| Author||S. Karner|
|Title||[Proceedings of the VII international symposium 'Cultural heritage in geosciences, mining and metallurgy : libraries, archives, museums' : "Museums and their collections" held at the Nationaal Natuurhistorisch Museum Leiden (The Netherlands), 19-23 May, 2003 / Cor F. Winkler Prins and Stephen K. Donovan (editors)]: Überlegungen zu einem "Haus der österreichischen (Zeit)Geschichte"|
|Journal||Scripta Geologica. Special Issue|
|Abstract||The installation of a „Haus der Geschichte Österreichs im 20. Jahrhundert" is incorporated in the programme of the Austrian Government, based on a preliminary study by the author. It should be realised in 2006 and will include the history of the Austrian Republic from 1918 to the present, emphasising the history of the First and Second Republic, and the Third Reich. Original sources will be collected and made available to schools, officials, the media and private persons.|
The development of Austria is seen as part of the development of Europe and, as such, also as part of the history of the World. Emphasis is placed on subjects to which Austria had an obligation, such as documents on the persecution and killing of Jews, Roma and Sinti, as well as the exile of Austrians from Central European countries. Further, its special position in the 1950s at the Iron Curtain during the Cold War is of interest.

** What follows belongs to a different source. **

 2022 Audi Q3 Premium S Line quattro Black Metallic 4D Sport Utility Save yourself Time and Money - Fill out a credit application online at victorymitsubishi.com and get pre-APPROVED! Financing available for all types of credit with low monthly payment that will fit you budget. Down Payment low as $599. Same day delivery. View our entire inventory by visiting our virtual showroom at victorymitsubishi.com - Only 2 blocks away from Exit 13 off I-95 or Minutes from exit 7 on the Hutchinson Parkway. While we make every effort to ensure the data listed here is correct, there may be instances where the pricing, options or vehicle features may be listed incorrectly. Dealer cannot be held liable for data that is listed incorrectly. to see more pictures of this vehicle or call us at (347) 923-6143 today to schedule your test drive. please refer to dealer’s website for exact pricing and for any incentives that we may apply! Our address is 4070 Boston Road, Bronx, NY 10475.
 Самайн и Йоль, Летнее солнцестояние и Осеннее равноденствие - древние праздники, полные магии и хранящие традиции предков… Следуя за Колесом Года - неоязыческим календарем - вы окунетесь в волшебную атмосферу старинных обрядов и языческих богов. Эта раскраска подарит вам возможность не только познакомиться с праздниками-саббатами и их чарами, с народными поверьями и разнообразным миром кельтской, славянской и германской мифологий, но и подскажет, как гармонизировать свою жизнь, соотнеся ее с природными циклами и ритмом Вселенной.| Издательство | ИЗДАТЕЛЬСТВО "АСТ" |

The „Haus der Geschichte der Republik Österreich" will have four aspects, to be discussed in some detail: 1) Museum with exhibitions; 2) Research network; 3) Data storage; 4) Services.

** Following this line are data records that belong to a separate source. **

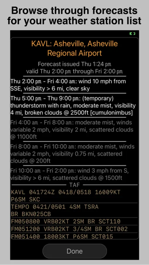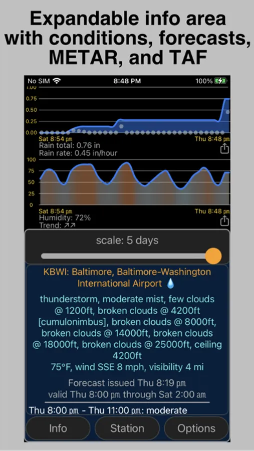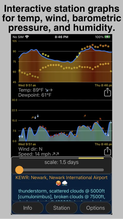 WeatheryWhere uses NOAA's National Weather Service's data service to display interactive weather graphs and forecasts from thousands of international weather stations. In addition to displaying hourly weather data and trends over the last five days, the app also displays forecast and current condition data using the international METAR and TAF weather reporting standards used for aviation. You can search for a weather station near you using the app's interactive station map, or you can use the app's auto-find feature to automatically find the weather station nearest you. WeatheryWhere includes support for notifications to alert you of weather condition changes and events at your selected weather station - for example, wind above a selected speed, or thunderstorms in a station's vicinity.
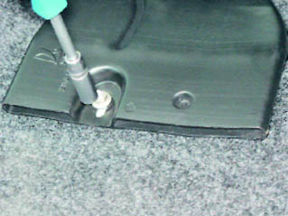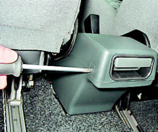 5. Сдвигаем сиденья назад до упора. 6. Специальной угловой отверткой, либо отвернув по четыре гайки крепления передних сидений (см. 14.8.5, п. 2-6) и откинув сиденья назад, отворачиваем два самореза среднего крепления верхней части накладки.
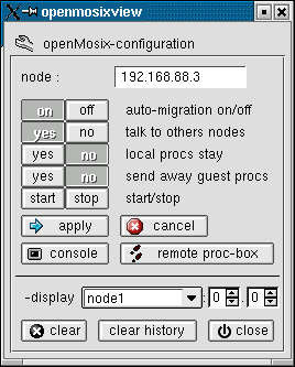 The openMosix-configuration of each host can be changed easily now. All commands will be executed per "rsh" or "ssh" on the remote hosts (even on the local node) so "root" has to "rsh" (or "ssh") to each host in the cluster without prompting for a password (it is well described in a beowulf documentation or on the HowTo's on this page how to configure it).
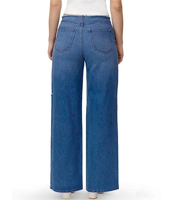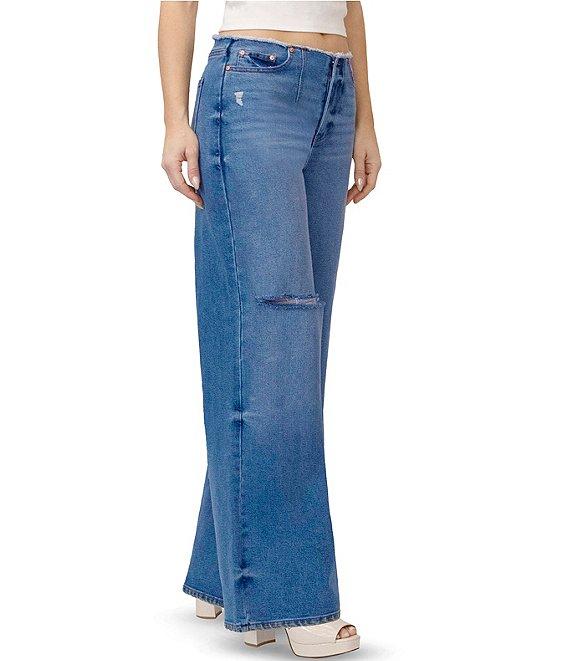 From Stevie Jeans, these jeans feature: 10.25" Mid rise Zip front closure 5-pocket styling Frayed waist Relaxed straight Approx. 31" inseam Wide legs Cotton/polyester/spandex Machine wash/tumble dry Imported.
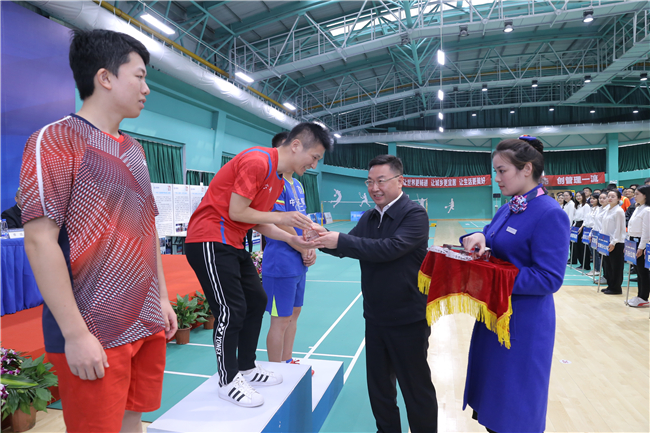 公司党委副书记、工会主席、赛事组委会主任张文胜为获得女子单打冠、亚、季军的选手和优秀组织奖获奖单位颁奖并致闭幕词。他指出,本届羽毛球赛达到了凝聚人心、鼓舞士气、陶冶情操、锻炼身体、相互交流的目的。他希望各单位、全体运动员以本次比赛为契机,以更加饱满的热情,更加强健的体魄,更加务实的作风,不断解放思想、开拓创新、扎实工作,为公司打造高品质建筑业一体化服务商和建设具有全球竞争力的世界一流企业而不懈奋斗!
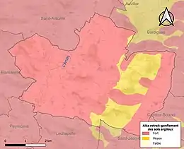 Le retrait-gonflement des sols argileux est susceptible d'engendrer des dommages importants aux bâtiments en cas d’alternance de périodes de sécheresse et de pluie. La totalité de la commune est en aléa moyen ou fort (92 % au niveau départemental et 48,5 % au niveau national). Sur les 154 bâtiments dénombrés sur la commune en 2019, 154 sont en aléa moyen ou fort, soit 100 %, à comparer aux 96 % au niveau départemental et 54 % au niveau national. Une cartographie de l'exposition du territoire national au retrait gonflement des sols argileux est disponible sur le site du BRGM[24],[Carte 3].
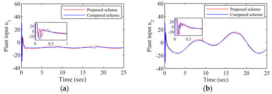 Figure 9 shows the actual control input of the system. By the FTOAC, the control input curve is smoother. According to the above analysis, it is clear that the control performance of the FTOAC scheme is much better than the compared scheme.

Economic history will be used as an example and in it mining history will have a special place. Local companies, their products and the captains of industry are important for society. So far, little research has been done on important events, such as the gradual change from guided economy to market economy, the influence of the Marshall plan and the „Staatsvertrag", or the availability of raw materials (ore, water, oil, and wood).
The study of the archives of the allied nations (the four occupants, Americans, British, French and Russians) would be of great interest, and company archives in Austria should be studied and preserved.

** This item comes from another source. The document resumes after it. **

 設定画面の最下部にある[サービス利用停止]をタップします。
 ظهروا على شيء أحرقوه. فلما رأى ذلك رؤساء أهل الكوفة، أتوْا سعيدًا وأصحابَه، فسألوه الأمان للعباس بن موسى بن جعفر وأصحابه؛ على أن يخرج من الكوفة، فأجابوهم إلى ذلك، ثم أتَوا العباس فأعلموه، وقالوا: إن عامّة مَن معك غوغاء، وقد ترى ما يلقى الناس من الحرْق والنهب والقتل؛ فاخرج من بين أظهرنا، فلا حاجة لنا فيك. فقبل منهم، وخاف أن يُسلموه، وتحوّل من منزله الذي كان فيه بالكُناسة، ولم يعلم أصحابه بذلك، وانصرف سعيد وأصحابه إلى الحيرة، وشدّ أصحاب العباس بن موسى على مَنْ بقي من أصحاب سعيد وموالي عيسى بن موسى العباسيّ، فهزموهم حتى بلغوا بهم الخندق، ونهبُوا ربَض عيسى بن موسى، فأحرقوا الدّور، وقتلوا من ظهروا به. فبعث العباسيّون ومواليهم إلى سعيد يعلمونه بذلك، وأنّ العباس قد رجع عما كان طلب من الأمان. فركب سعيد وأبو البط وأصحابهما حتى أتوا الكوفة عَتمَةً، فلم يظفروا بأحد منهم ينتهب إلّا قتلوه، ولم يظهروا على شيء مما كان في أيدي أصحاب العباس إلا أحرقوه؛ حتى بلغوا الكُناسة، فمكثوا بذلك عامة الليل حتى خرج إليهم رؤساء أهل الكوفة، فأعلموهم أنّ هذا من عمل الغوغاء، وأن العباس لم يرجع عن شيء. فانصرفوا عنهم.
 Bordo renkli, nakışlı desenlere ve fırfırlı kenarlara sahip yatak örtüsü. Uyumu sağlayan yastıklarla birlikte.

The institutes for economical history are to pay attention to this problem.
Of special interest are the external contacts of the different regions of Austria, e.g., Steiermark and Carinthia with northern Italy and Slovenia; Tyrol and Vorarlberg with southern Germany, northern Italy and Switzerland; Salzburg and Upper Austria with Bavaria; and Lower Austria and Burgenland with Hungary, the Czech Republic and Slovakia.